- [Records contained in a dataset]
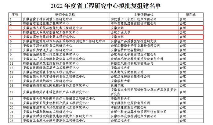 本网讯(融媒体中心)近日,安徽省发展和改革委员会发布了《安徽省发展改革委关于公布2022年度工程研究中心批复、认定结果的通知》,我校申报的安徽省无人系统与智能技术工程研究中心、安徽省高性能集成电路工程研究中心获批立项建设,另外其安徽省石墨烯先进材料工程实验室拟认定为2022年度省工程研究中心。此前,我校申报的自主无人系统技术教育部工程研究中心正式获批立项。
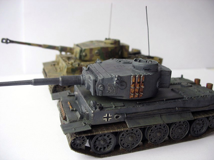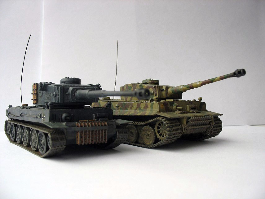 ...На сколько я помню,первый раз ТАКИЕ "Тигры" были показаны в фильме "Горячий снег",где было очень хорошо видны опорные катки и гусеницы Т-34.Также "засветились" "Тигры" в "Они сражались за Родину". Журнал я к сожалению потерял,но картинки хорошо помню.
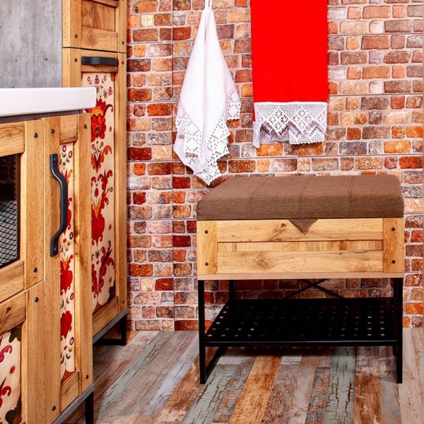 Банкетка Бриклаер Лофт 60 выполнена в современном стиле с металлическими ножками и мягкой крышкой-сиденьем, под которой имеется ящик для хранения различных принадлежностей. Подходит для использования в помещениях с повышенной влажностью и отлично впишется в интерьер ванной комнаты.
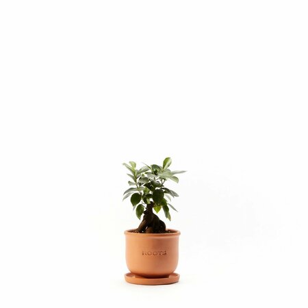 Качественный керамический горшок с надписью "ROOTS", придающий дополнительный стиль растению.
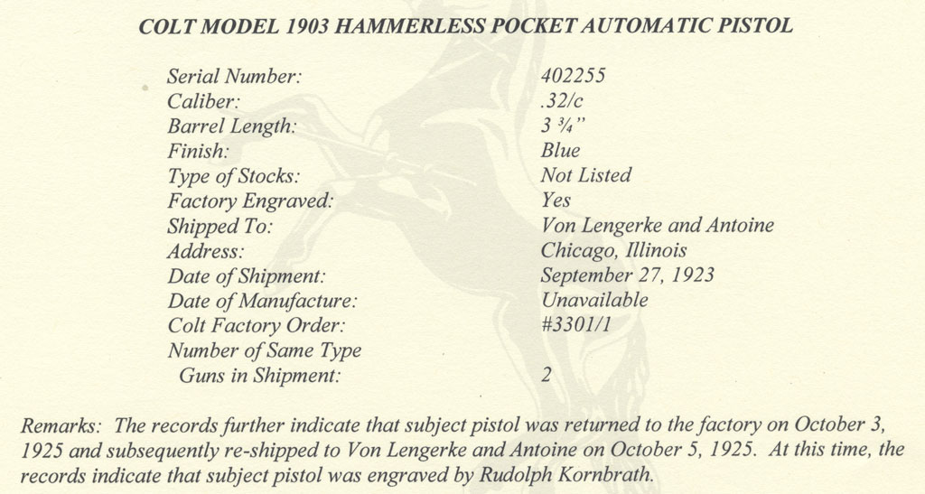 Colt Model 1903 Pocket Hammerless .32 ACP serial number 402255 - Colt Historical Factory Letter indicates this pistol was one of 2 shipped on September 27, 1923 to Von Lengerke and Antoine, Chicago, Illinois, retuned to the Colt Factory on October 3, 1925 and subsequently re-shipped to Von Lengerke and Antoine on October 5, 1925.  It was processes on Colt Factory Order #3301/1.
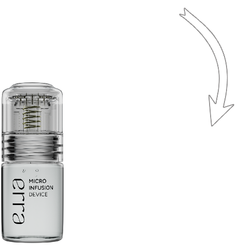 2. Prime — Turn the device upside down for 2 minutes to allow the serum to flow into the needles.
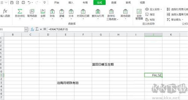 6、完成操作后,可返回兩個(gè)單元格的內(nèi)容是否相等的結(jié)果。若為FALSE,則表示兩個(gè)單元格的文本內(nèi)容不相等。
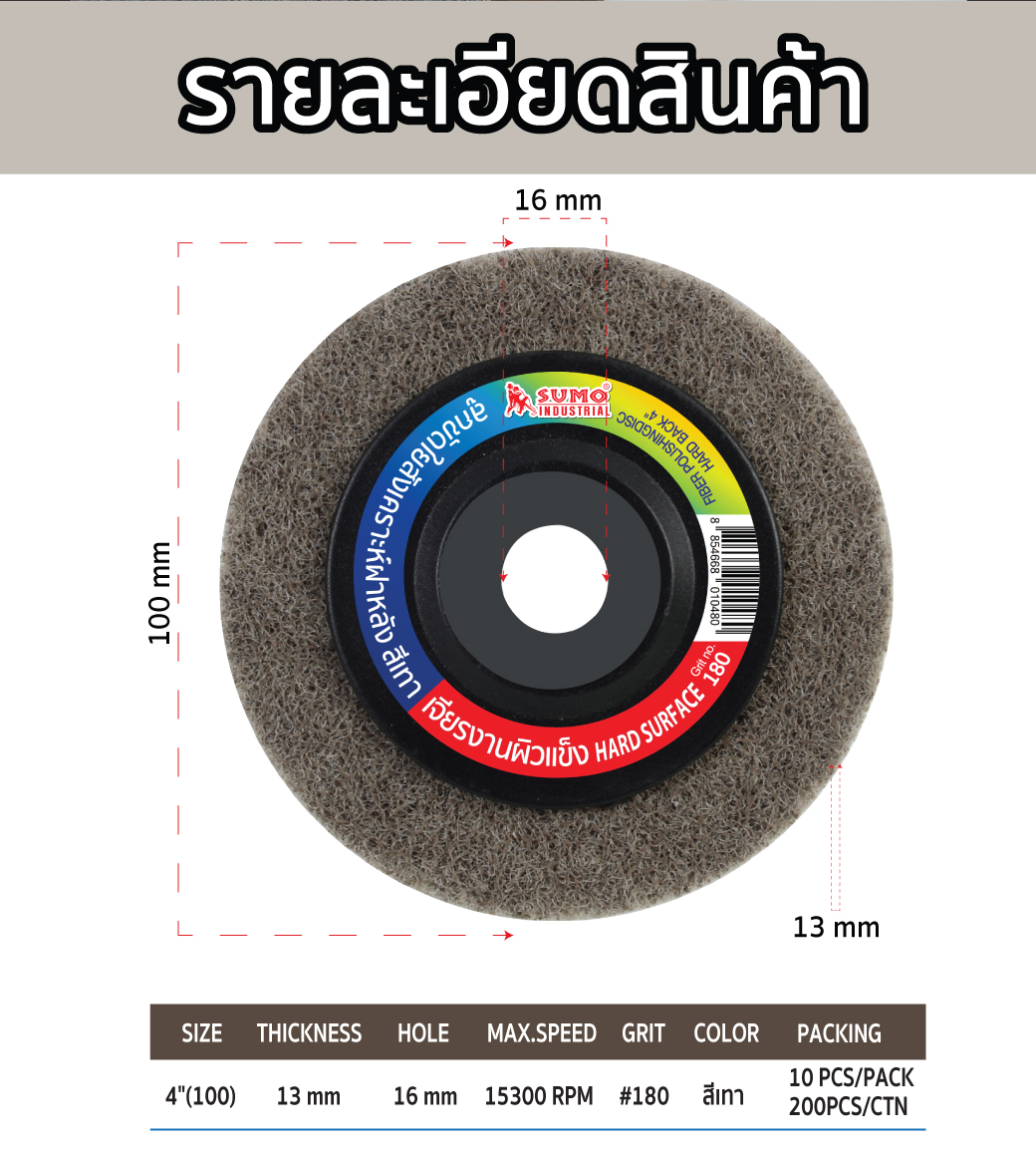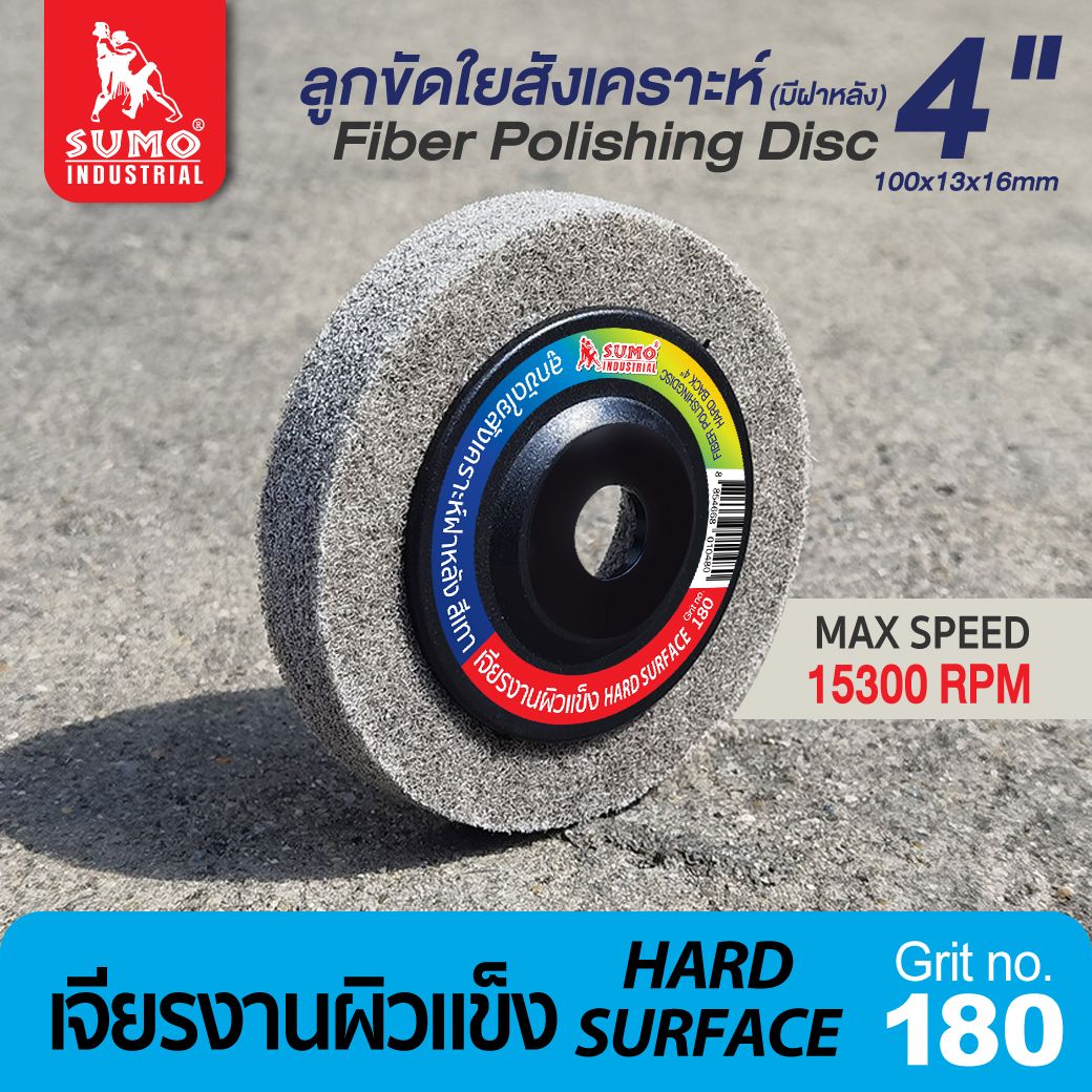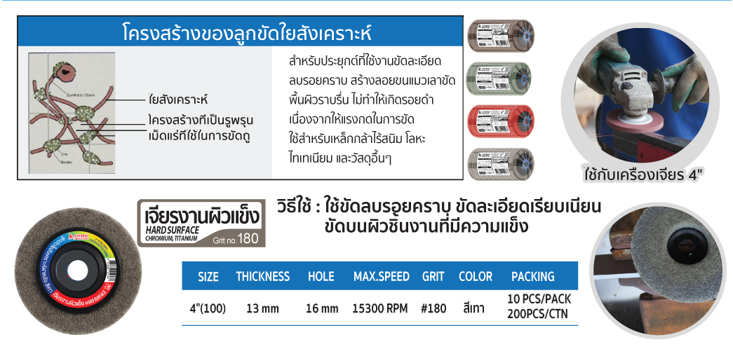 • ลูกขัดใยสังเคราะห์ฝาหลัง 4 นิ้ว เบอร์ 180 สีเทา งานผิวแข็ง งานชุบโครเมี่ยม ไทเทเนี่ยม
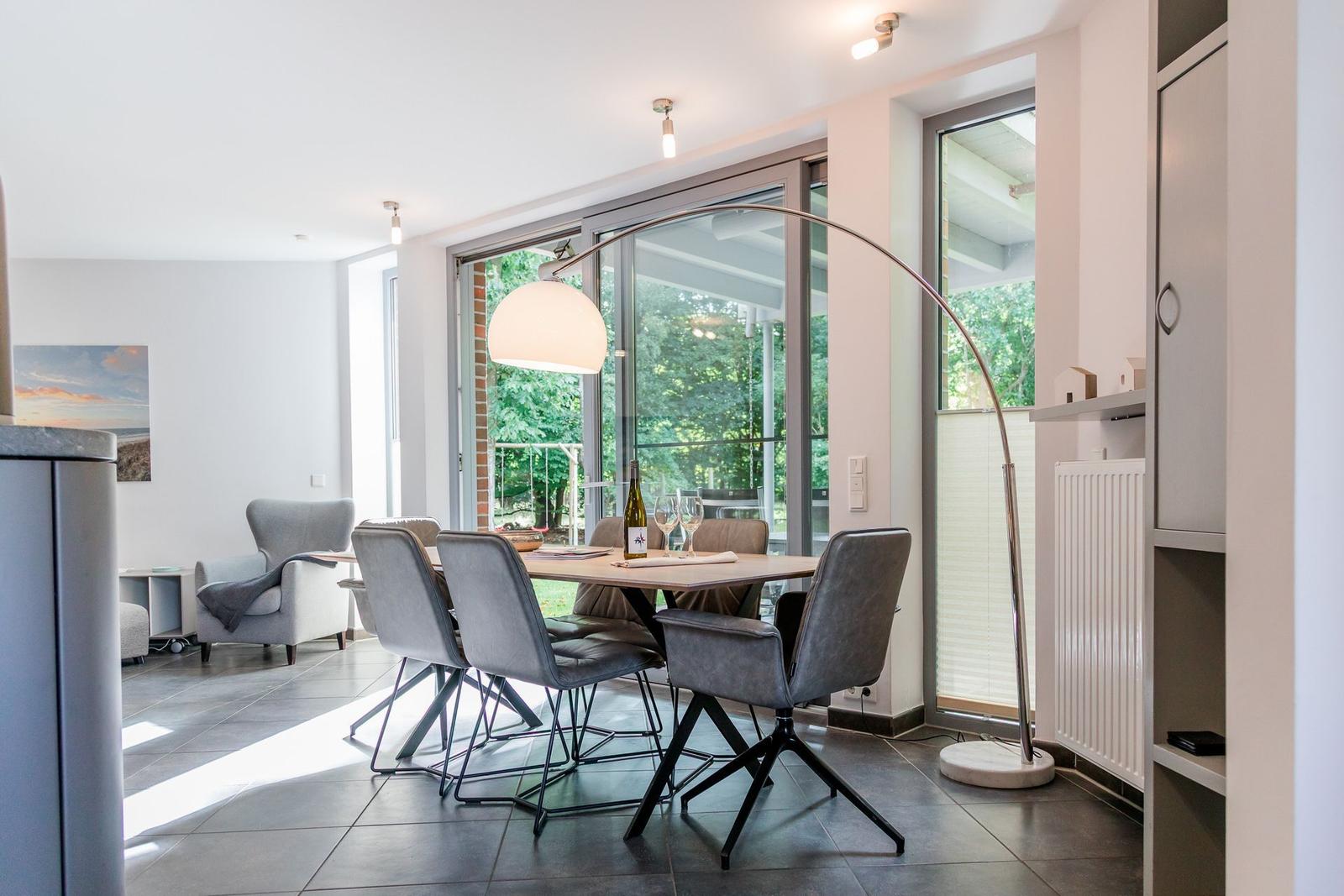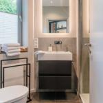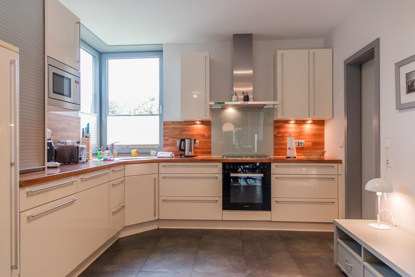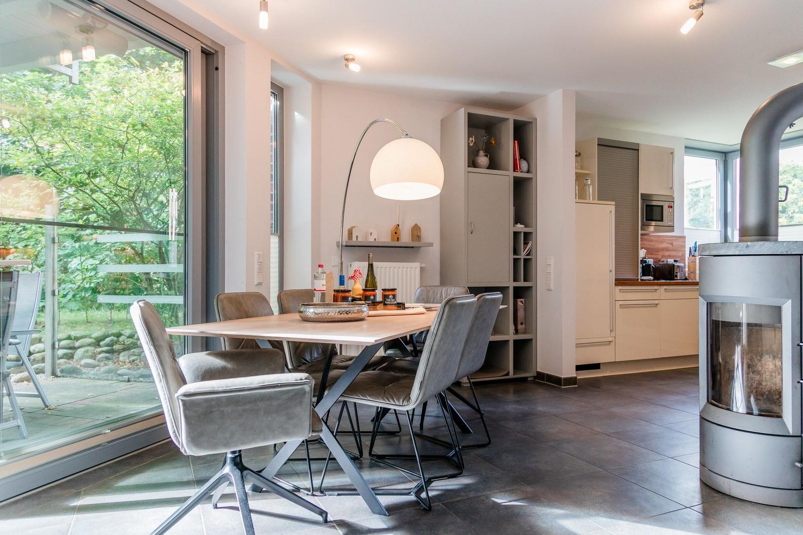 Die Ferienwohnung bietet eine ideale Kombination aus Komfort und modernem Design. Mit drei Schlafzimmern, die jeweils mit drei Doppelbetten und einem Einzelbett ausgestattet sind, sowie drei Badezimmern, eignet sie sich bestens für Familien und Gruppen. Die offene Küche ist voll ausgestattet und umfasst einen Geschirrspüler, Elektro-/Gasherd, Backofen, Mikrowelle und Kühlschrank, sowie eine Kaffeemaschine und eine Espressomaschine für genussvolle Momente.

- [What to work on]
Return every line above word for word, minus images.

- [Finished exercise]
 本网讯(融媒体中心)近日,安徽省发展和改革委员会发布了《安徽省发展改革委关于公布2022年度工程研究中心批复、认定结果的通知》,我校申报的安徽省无人系统与智能技术工程研究中心、安徽省高性能集成电路工程研究中心获批立项建设,另外其安徽省石墨烯先进材料工程实验室拟认定为2022年度省工程研究中心。此前,我校申报的自主无人系统技术教育部工程研究中心正式获批立项。
 ...На сколько я помню,первый раз ТАКИЕ "Тигры" были показаны в фильме "Горячий снег",где было очень хорошо видны опорные катки и гусеницы Т-34.Также "засветились" "Тигры" в "Они сражались за Родину". Журнал я к сожалению потерял,но картинки хорошо помню.
 Банкетка Бриклаер Лофт 60 выполнена в современном стиле с металлическими ножками и мягкой крышкой-сиденьем, под которой имеется ящик для хранения различных принадлежностей. Подходит для использования в помещениях с повышенной влажностью и отлично впишется в интерьер ванной комнаты.
 Качественный керамический горшок с надписью "ROOTS", придающий дополнительный стиль растению.
 Colt Model 1903 Pocket Hammerless .32 ACP serial number 402255 - Colt Historical Factory Letter indicates this pistol was one of 2 shipped on September 27, 1923 to Von Lengerke and Antoine, Chicago, Illinois, retuned to the Colt Factory on October 3, 1925 and subsequently re-shipped to Von Lengerke and Antoine on October 5, 1925.  It was processes on Colt Factory Order #3301/1.
 2. Prime — Turn the device upside down for 2 minutes to allow the serum to flow into the needles.
 6、完成操作后,可返回兩個(gè)單元格的內(nèi)容是否相等的結(jié)果。若為FALSE,則表示兩個(gè)單元格的文本內(nèi)容不相等。
 • ลูกขัดใยสังเคราะห์ฝาหลัง 4 นิ้ว เบอร์ 180 สีเทา งานผิวแข็ง งานชุบโครเมี่ยม ไทเทเนี่ยม
 Die Ferienwohnung bietet eine ideale Kombination aus Komfort und modernem Design. Mit drei Schlafzimmern, die jeweils mit drei Doppelbetten und einem Einzelbett ausgestattet sind, sowie drei Badezimmern, eignet sie sich bestens für Familien und Gruppen. Die offene Küche ist voll ausgestattet und umfasst einen Geschirrspüler, Elektro-/Gasherd, Backofen, Mikrowelle und Kühlschrank, sowie eine Kaffeemaschine und eine Espressomaschine für genussvolle Momente.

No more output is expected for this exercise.